倖せのかたち
旅先での邂逅
チャラチャラしたサークルや飲み会は、もうこりごりだったが、一人で何か新しいことに挑戦したり、知らない人と話すこと自体は好きなので、夏休みになるとすぐ、以前から興味のあった、青春18きっぷの旅をすることに。

4泊5日の一人旅。

特に目的が云々、というよりは、敢えて昭和時代のような、めんどくさい形の旅行をしてみたかったのだ。

宿泊先も、ユースホステルに泊まってみたいと思い、予約もした。

とはいえ、4泊全部がユースホステルでは流石に疲れてしまうと思い、3泊はビジネスホテルで、ユースホステルは旅行最終日の1泊のみ。

特に目的もなくブラブラするだけのひとり旅の4泊目は、長野県内にあるユースホステルに泊まることになっていた。

どうやら、もう昔のように若者がユースホステルを利用する時代ではなくなってきていたようだが、見知らぬ大人たちから、ユースホステル全盛期の昔話を聞くのもまた面白い。

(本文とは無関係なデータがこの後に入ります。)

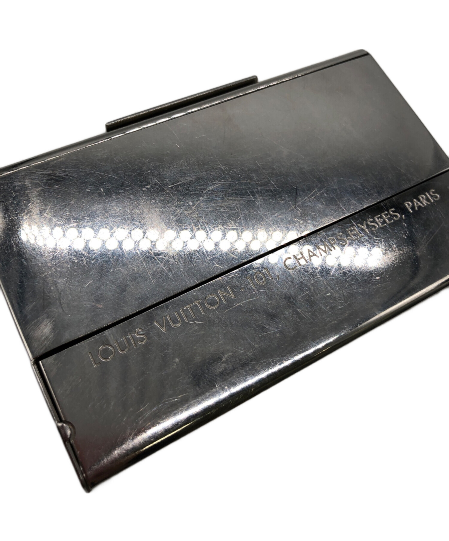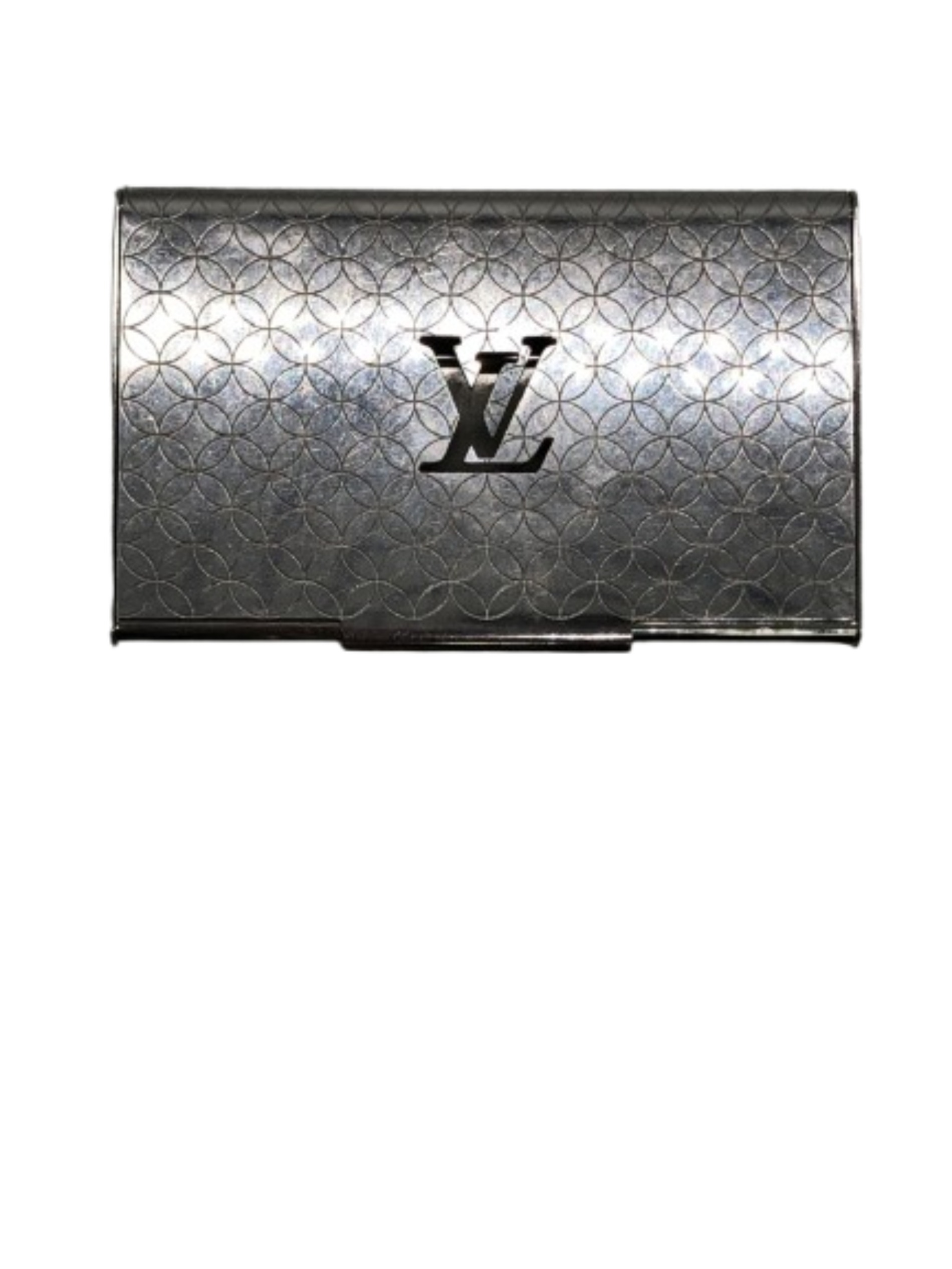| スタッフコメント | パラジウム仕上げのメタルベースに、LVロゴとモノグラム・フラワーのモチーフが飾り穴であしらわれている名刺入れです。メタリックな素材感がビジネスシーンにも馴染むスタイリッシュでモダンな印象を与えます。 |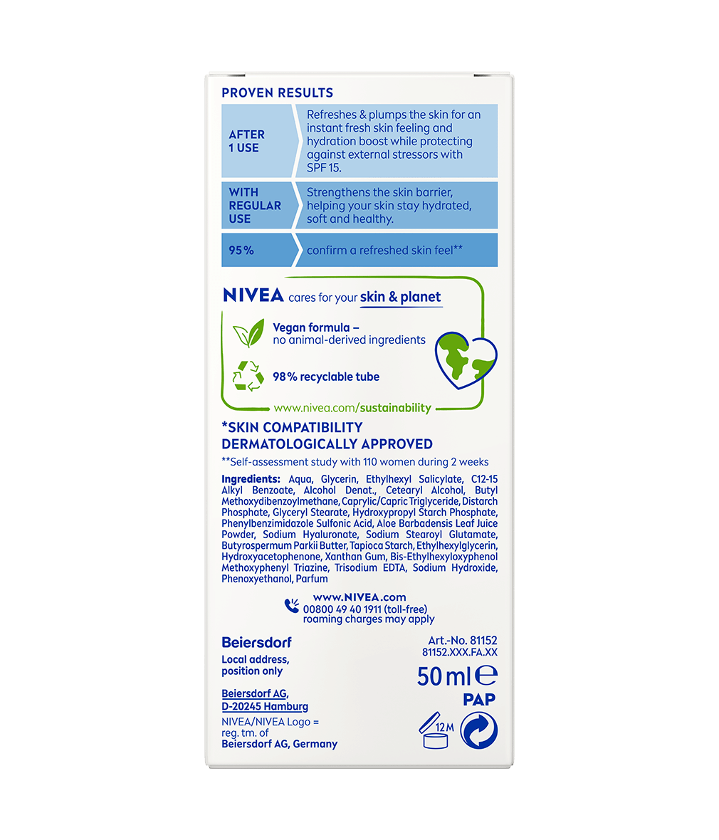 Objavte ľahký hydratačný krém, ktorý pleti dodá starostlivosť a ochranu, ktorú potrebuje. Každý deň. Vyskúšajte NIVEA Hydratačný denný krém SPF 15.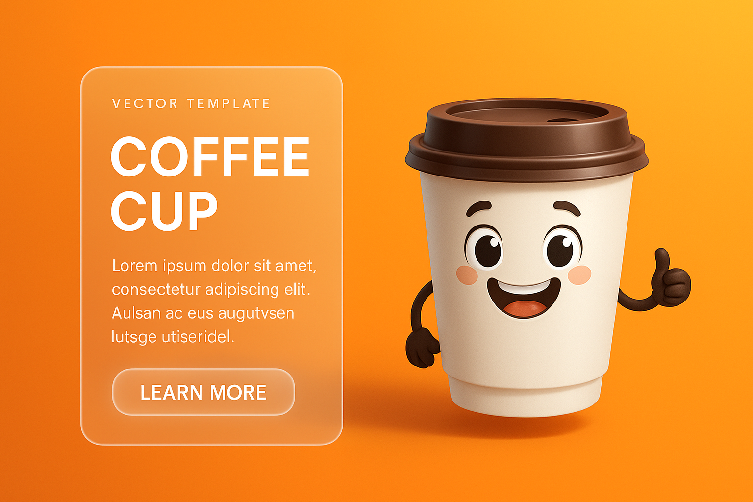 A vibrant logo featuring a smiling coffee cup mascot on a bright gradient background. Includes modern glass panels with a call-to-action button, blending realism and futuristic design.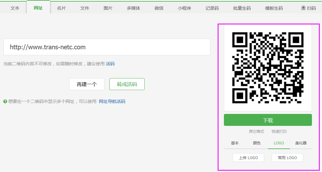 五、若是二维码不变内容要变或添加更多的内容,可转成活码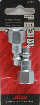 Milton s728 pk/2 Style M Female Plug. Has 1/4"FNPT threads. Maximum pressure of 300psi. Air flow 40scfm. Made in the USA. WARNING: CANCER AND REPRODUCTIVE HARM see www.P65Warnings.ca.gov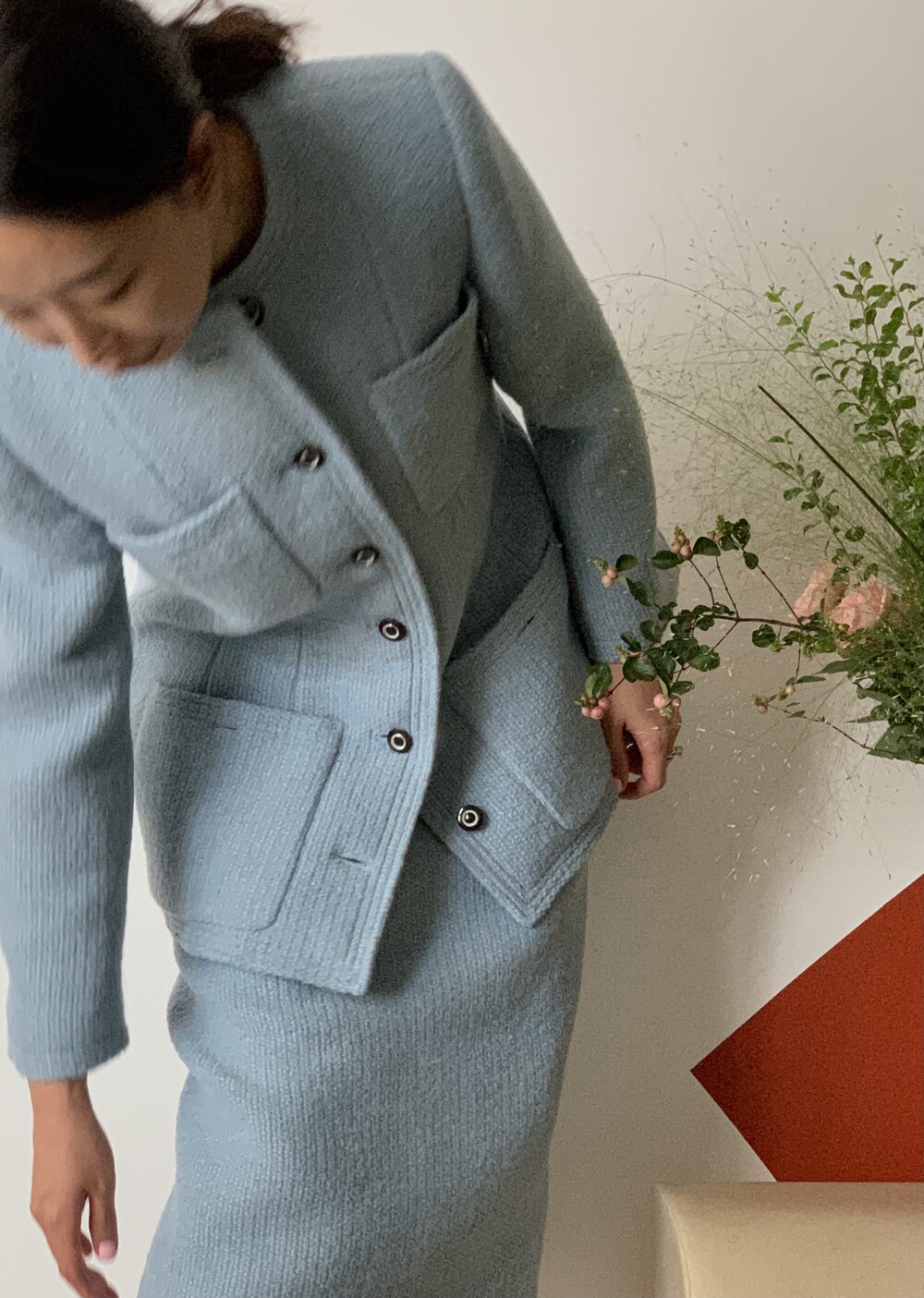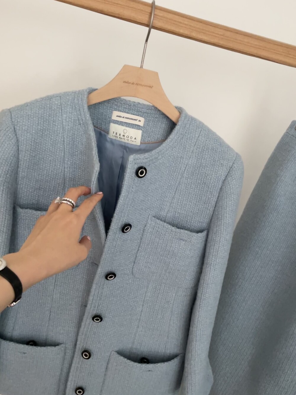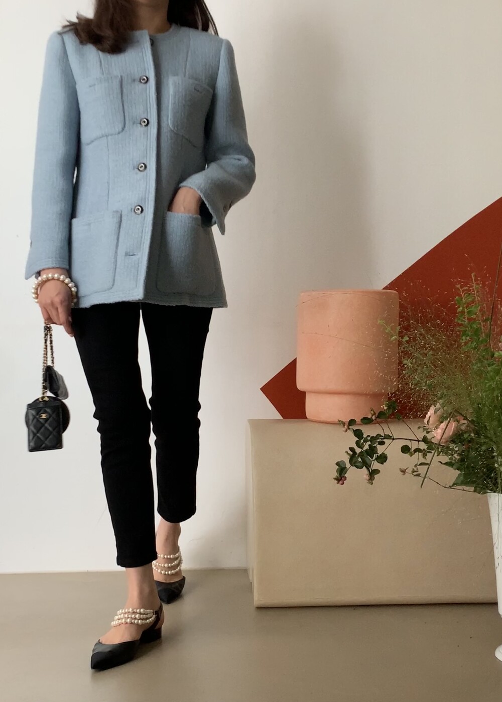어떤 순간에도 기분 좋게 어울리는 옷이 되리라고 생각합니다. 재킷은 셋업인 스커트와 팬츠, 청바지 등의

大人たちの中に一人だけ、ちょうど隣に同年代と思われる長身の少年が居た。

なかなか、端正な顔をした人だ。

みんなでトランプをしたあと、その少年に、

「学生さんですか?」

尋ねてみると、彼は一瞬驚いたようだったが、

「はい。あなたもですか?」

「ええ。都内の大学に通ってます。どちらからです?」

「僕も都内の大学ですよ。と言っても、嘘だって思われそうですね…」

照れたように言う彼。

何故、彼がそう言ったか、理由はすぐにわかった。